= Fatty acid ratio in food =

Proportion of omega-3 to omega-6 fatty acids in a diet

Only two essential fatty acids are known to be essential for humans: alpha-linolenic acid (an omega−3 fatty acid) and linoleic acid (an omega−6 fatty acid). Closely related, these fatty acids act as competing substrates for the same enzymes. The biological effects of the ω−3 and ω−6 fatty acids are largely mediated by essential fatty acid interactions. The proportion of omega−3 to omega−6 fatty acids in a diet may have metabolic consequences.

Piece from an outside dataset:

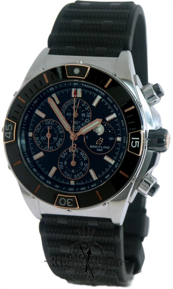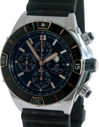 Breitling Super Chronomat model I19320251B1S1. Powered by the Breitling Caliber 19 movement this masterpiece features a triple date, chronograph, moon-phase, and a four year calendar. Solid stainless steel case with an 18kt rose gold and black ceramic bezel. Anti-glare treated sapphire crystal. Black dial with rose tone hands and markers. Black rubber strap with deployment clasp.
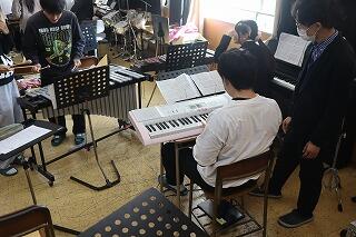 課題曲は「スタジオジブリメドレー」です。この時間が最後の練習時間。次回の12月19日(金)の1時間めに発表します。先生が巡回しながら、リズムやメロディ、合わせのポイントを教えられていました。生徒達はとても熱心です。

Unlike omega−3 fatty acids and omega−6 fatty acids, omega−9 fatty acids are not classed as essential fatty acids because they can be created by the human body from monounsaturated and saturated fatty acids, and are therefore not essential in the diet.

==Ratio of omega−6 to omega−3 fats in the diets of hunter-gatherers==
It has been claimed that among hunter-gatherer populations, omega−6 fats and omega−3 fats are typically consumed in roughly a 1:1 ratio. At one extreme of the spectrum of hunter-gatherer diets, the Greenland Inuit, before the late 20th century, consumed a diet with twice as much omega−3 as omega−6, thanks to a diet rich in cold-water fish (a rich source of omega−3s) and completely devoid of omega−6-rich seed oils.

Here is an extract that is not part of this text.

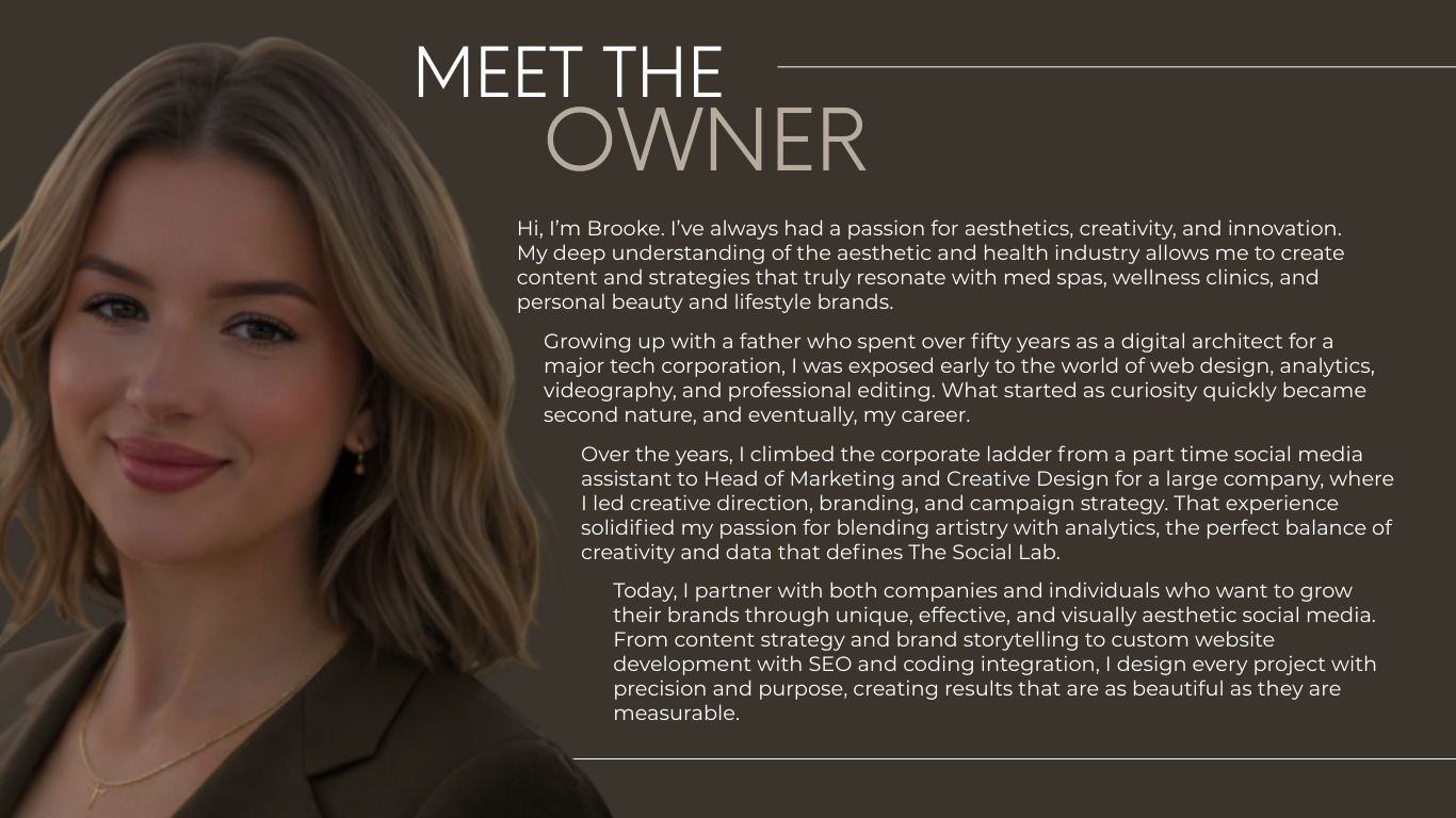 The Social Lab is a creative marketing studio specializing in beauty, health, and lifestyle brands. We combine strategy, design, and social storytelling to help modern brands grow with intention.

==Optimal ratio of omega−6 to omega−3 fats==
To date, "no one knows what the optimal ratio in the diet is for these two families of fats." Science writer Susan Allport writes that the current ratio in Japan is associated with a very low incidence of heart and other diseases. A dietary ratio of 4:1 produces almost a 1:1 ratio of highly unsaturated fatty acids (HUFAs) in cell membranes."

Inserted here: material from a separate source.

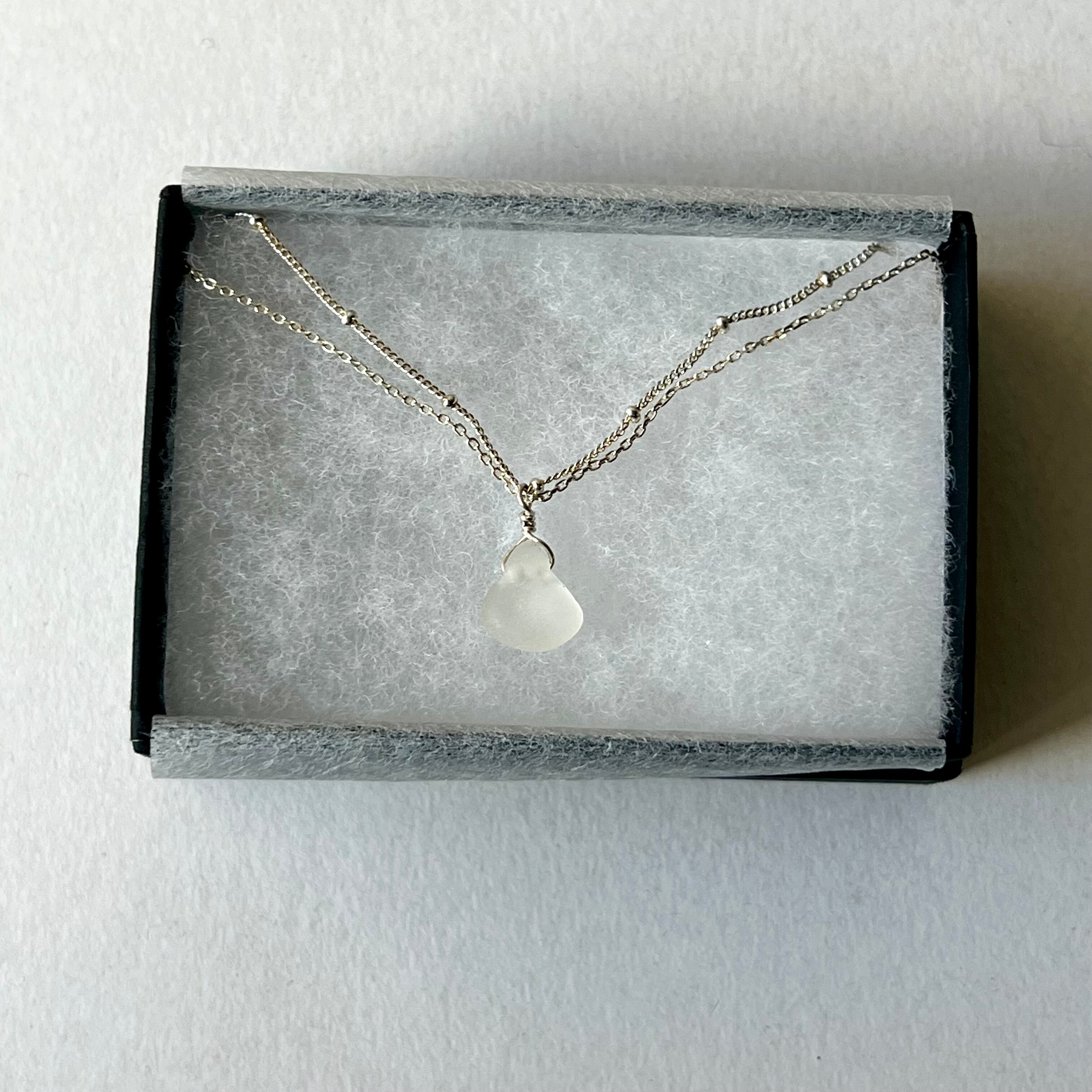 《Silver925》小さくてさりげないホワイトシーグラスビーズの雫アンクレット

It has been estimated that in developed countries, the ratio of omega−6s to omega−3s is closer to 15:1. Another estimate is that "[t]he diet consumed by the typical American tends to contain 14–25 times more omega-6 fatty acids than omega-3 fatty acids."

According to a 2009 review by the American Heart Association, instead of avoiding ω−6 fats, the ω−6:ω−3 ratio should be decreased by consuming more ω−3 fats. The conversion rate of linoleic acid (LA) into arachidonic acid is very low with a diet high in linolenic acid.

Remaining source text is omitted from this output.